• **Task to complete**
Pictures are to be omitted; everything else in the data must be transcribed exactly.

===== The input

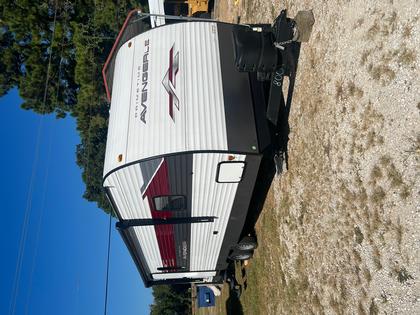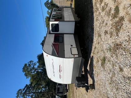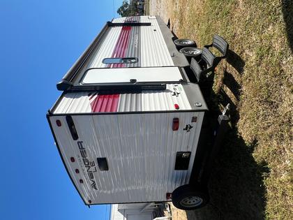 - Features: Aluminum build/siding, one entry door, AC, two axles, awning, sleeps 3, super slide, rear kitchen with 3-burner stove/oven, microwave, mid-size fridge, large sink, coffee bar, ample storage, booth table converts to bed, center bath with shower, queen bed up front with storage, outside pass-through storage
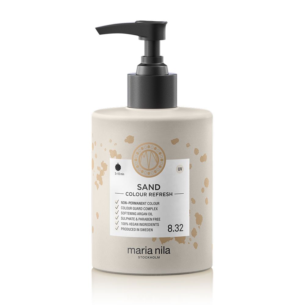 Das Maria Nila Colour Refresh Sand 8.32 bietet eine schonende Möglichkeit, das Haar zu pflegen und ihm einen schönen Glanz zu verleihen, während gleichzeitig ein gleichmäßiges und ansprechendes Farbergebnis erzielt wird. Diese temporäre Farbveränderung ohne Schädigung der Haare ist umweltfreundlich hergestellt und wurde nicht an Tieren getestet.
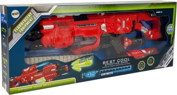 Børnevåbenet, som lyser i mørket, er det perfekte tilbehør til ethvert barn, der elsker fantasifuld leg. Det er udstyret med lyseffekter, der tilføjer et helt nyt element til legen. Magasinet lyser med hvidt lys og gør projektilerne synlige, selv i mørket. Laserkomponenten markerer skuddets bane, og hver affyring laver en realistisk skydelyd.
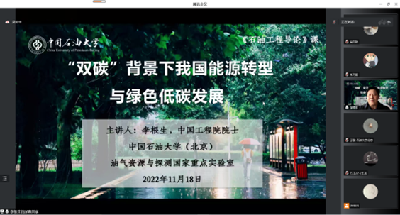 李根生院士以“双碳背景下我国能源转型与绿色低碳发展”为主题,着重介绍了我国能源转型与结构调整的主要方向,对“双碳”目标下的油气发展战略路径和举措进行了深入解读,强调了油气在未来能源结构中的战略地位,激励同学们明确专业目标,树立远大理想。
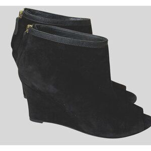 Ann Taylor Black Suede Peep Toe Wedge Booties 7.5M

==========

• **Answer to the problem**
 - Features: Aluminum build/siding, one entry door, AC, two axles, awning, sleeps 3, super slide, rear kitchen with 3-burner stove/oven, microwave, mid-size fridge, large sink, coffee bar, ample storage, booth table converts to bed, center bath with shower, queen bed up front with storage, outside pass-through storage
 Das Maria Nila Colour Refresh Sand 8.32 bietet eine schonende Möglichkeit, das Haar zu pflegen und ihm einen schönen Glanz zu verleihen, während gleichzeitig ein gleichmäßiges und ansprechendes Farbergebnis erzielt wird. Diese temporäre Farbveränderung ohne Schädigung der Haare ist umweltfreundlich hergestellt und wurde nicht an Tieren getestet.
 Børnevåbenet, som lyser i mørket, er det perfekte tilbehør til ethvert barn, der elsker fantasifuld leg. Det er udstyret med lyseffekter, der tilføjer et helt nyt element til legen. Magasinet lyser med hvidt lys og gør projektilerne synlige, selv i mørket. Laserkomponenten markerer skuddets bane, og hver affyring laver en realistisk skydelyd.
 李根生院士以“双碳背景下我国能源转型与绿色低碳发展”为主题,着重介绍了我国能源转型与结构调整的主要方向,对“双碳”目标下的油气发展战略路径和举措进行了深入解读,强调了油气在未来能源结构中的战略地位,激励同学们明确专业目标,树立远大理想。
 Ann Taylor Black Suede Peep Toe Wedge Booties 7.5M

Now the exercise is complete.